The required reading in our Forest Hills High School English
classes in the late '40s was an eclectic mixture of works that someone in the
downtown Manhattan headquarters of the Board of Education decided were age
appropriate. They included Edvart RΓΈlvaag's saga of pioneer
life, Giants in the Earth, Shakespeare's Julius
Caesar, and Lincoln Steffens' Autobiography. We were required to memorize ten lines from
the Shakespeare [any ten lines], and since I have always been simply awful at
memorization, I chose the most famous lines, the opening of Marc Antony's
speech, "Friends, Romans, and Countrymen/Lend me your ears." It was all I could do to keep those ten lines
in my head for the brief time that we were required to recite them, and today I
might at best get through the first four.

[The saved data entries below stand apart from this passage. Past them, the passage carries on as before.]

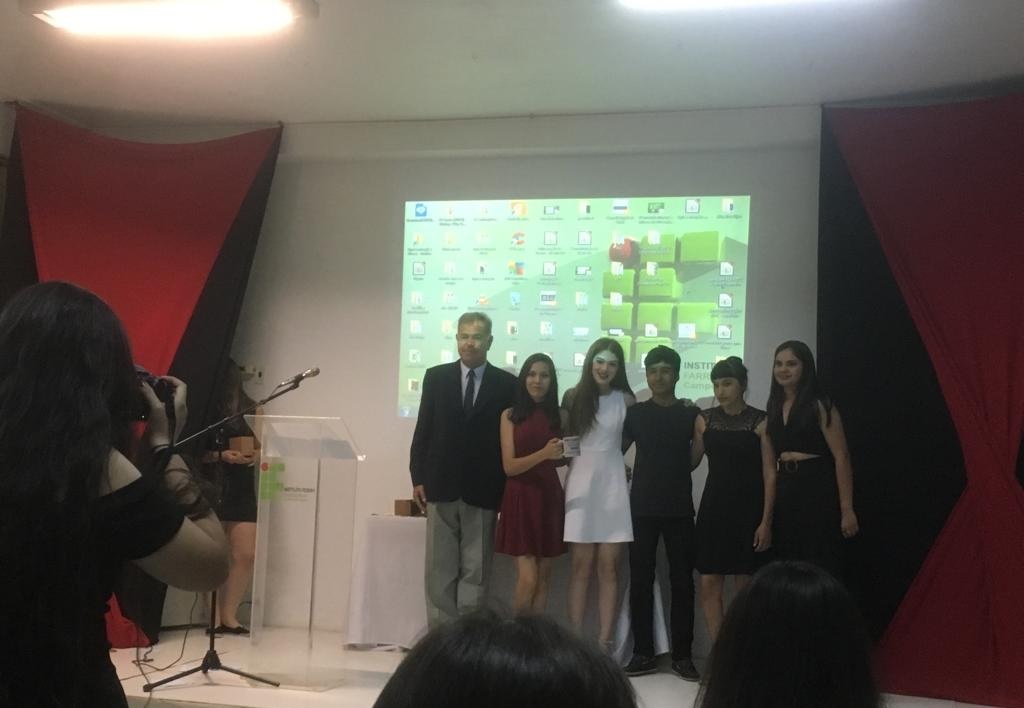 Os alunos João Pedro Chimendes, Luísa Inda, Ligia Lima, Luciane Medina e Cínthia Benites estiveram presentes no Campus São Borja na noite do dia 06/12 para receber a premiação do Primeiro Concurso de Curtas do IFFAr Uruguaiana, pelo dia Nacional de Segurança e Saúde nas Escolas. O Evento aconteceu na premiação de fechamento do ano do projeto Cine Campus/SB.
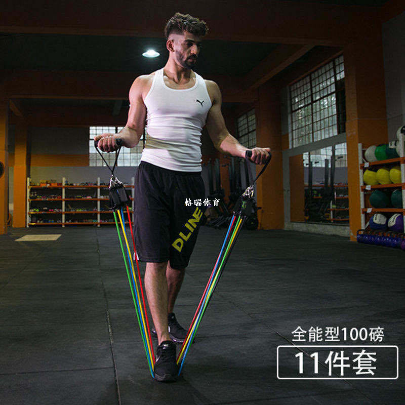 tpe elastic belt chest expander tension belt set multi-functional door sports 11-piece set combination pulling rope
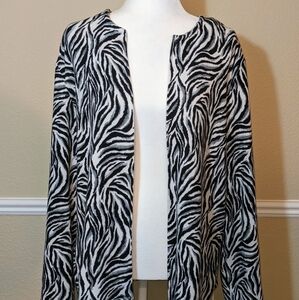 Zebra Print Zip-up Sweater Shacket in Black & White Stripes by Allison Daley
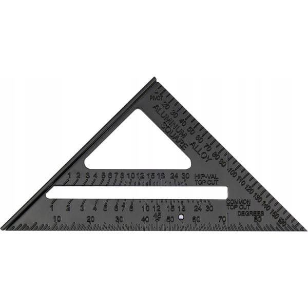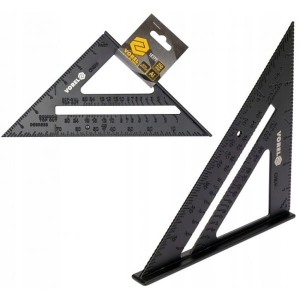 Na krawędziach zaznaczone trwale podziałki milimetrowe i calowe z przeznaczeniem do pomiarów ciesielskich i dekarskich. Powierzchnia kątownika lakierowana.
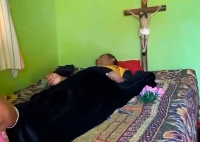 Luego de eso, tanto la mamá como el hermano y demás familiares, se ponen a rezar el padre nuestro, despertando a su víctima, quien se nota visiblemente confundido, y después bastante asustado.
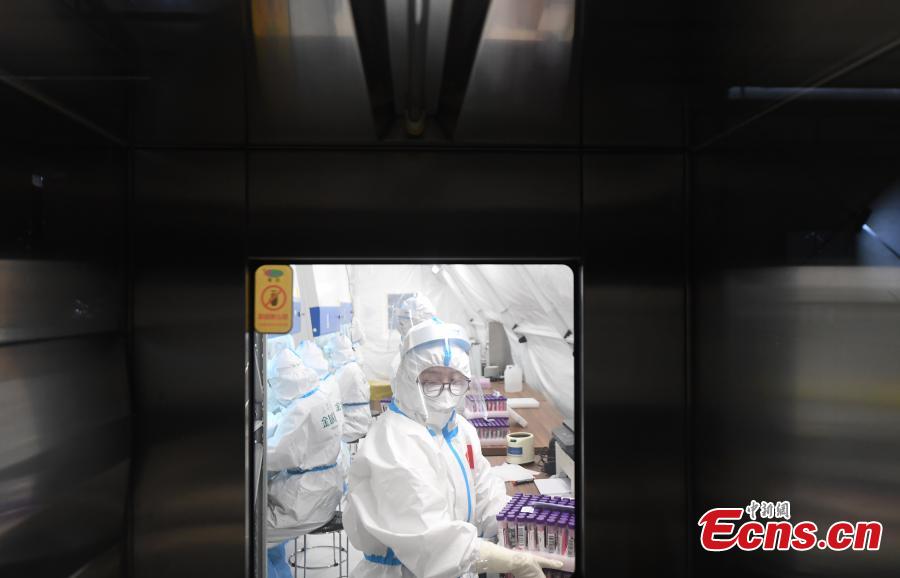 Medical workers conduct nucleic acid testing for COVID-19 at a "Falcon" air-inflated testing lab in Lanzhou, northwest China's Gansu Province, Oct. 25, 2021. (Photo: China News Service/Yang Yanmin)
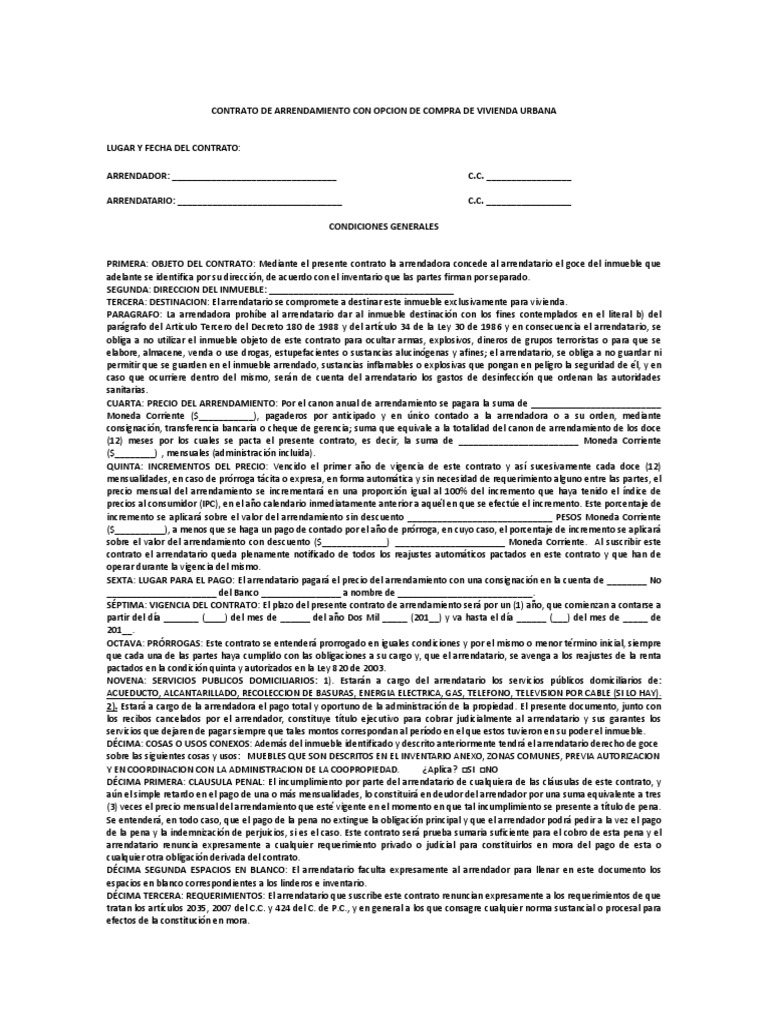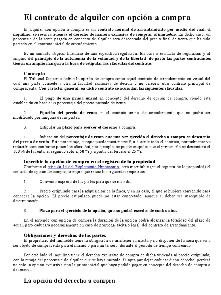 Contrato De Alquiler Con Opcion A Compra Modelo.

I recall watching the Johnny Carson Late Show one night some years later
when the great old Canadian actor Walter Pidgeon, who was near the end of his
life, was his guest. Pidgeon turned out
to be a total flop as a guest, projecting no personality whatsoever, and Carson
labored mightily to keep the segment afloat.
At one point, Pidgeon told Carson that, as a discipline, he had long ago
adopted the practice of memorizing a poem every night before going to bed. The previous evening, he said, he had
memorized a little poem about the donkey that Jesus rode into Jerusalem on what
Catholics now commemorate as Palm Sunday.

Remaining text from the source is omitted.